# Homework Help: Energy and Work of a bullet

1. Jan 10, 2010

### lilwigz

1. The problem statement, all variables and given/known data
A 5.00g bullet moving at 600.0 m/s penetrates a tree trunk to a depth of 4.00 cm.

A) Use work and energy considerations to find the magnitude of the force that stops the bullet.

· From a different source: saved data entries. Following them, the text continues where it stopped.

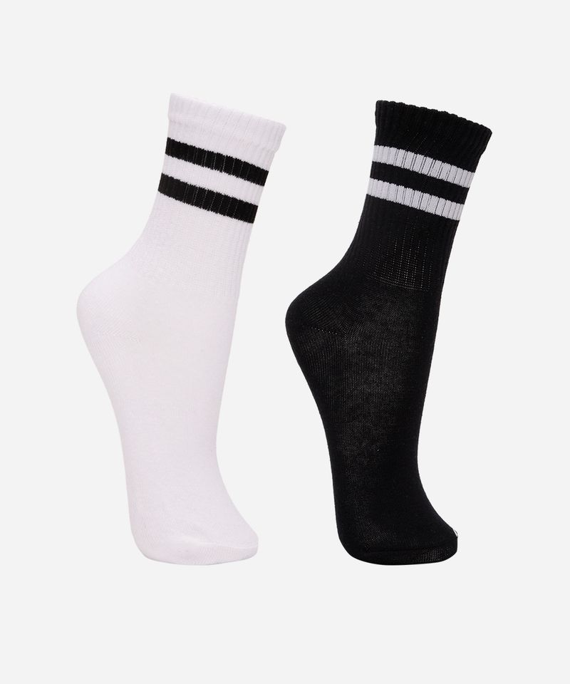 • Kit com 2 pares de meias, um par na cor preta com listras brancas e outro na cor branca com listras pretas.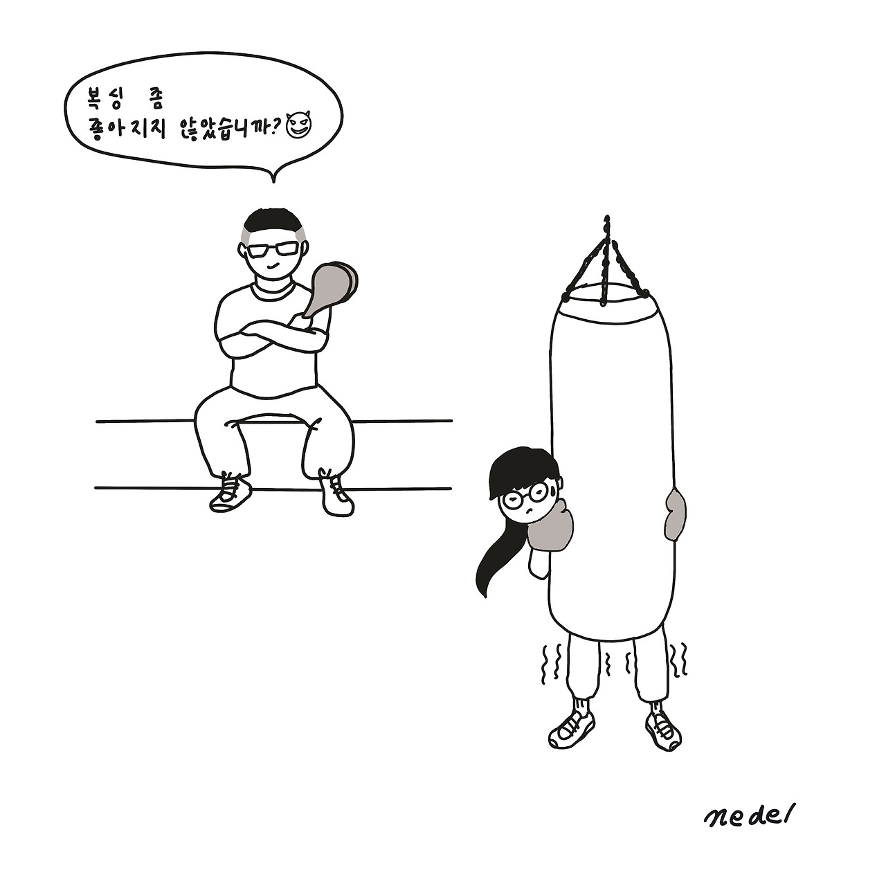 사실, 처음부터 복싱에 집중할 수 있었던 것은 아니었다. 너무나 당연한 얘기지만 복싱은 처음이라 어색한 자세가 이상해서 부끄러웠고, 부끄러울수록 타인의 눈치를 자꾸 살폈다. “아무도 신경 안 씁니다.”라고 관장님이 얘기했지만……. 체육관 거울 속에 어설픈 나와 폼 좀 잡는 한 사람이 동시에 들어가 있었다. 그리고…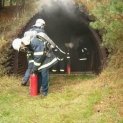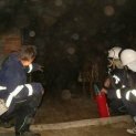 Fotografie: Příprava. Plnění klíštěte vodou. Nějak se nám to nepovedlo uhasit. To nejsou mlynáři, to jsou hasiči po použití práškových přístrojů. Instrukce před akcí. Pokus Lovčišských o průnik bez dýchacích přístrojů - nepodařilo se.

B) Assuming that the frictional force is constant, determine how much time elapses between the moment the bullet enters the tree and the moment the bullet stops moving.

2. Relevant equations
Ek= 1/2mv^2
W=fdcos(0)

3. The attempt at a solution

I tried to do Ek=1/2mv^2
Ek= 1/2 x ( .005kg) x (600m/s)^2 but i think thats wrong

2. Jan 10, 2010

### jegues

This is how much energy the bullet intially has.

All this energy is transfered as the bullet travels through the tree a distance of 4cm.

So how can we solve for the magnitude of the force which stops the bullet?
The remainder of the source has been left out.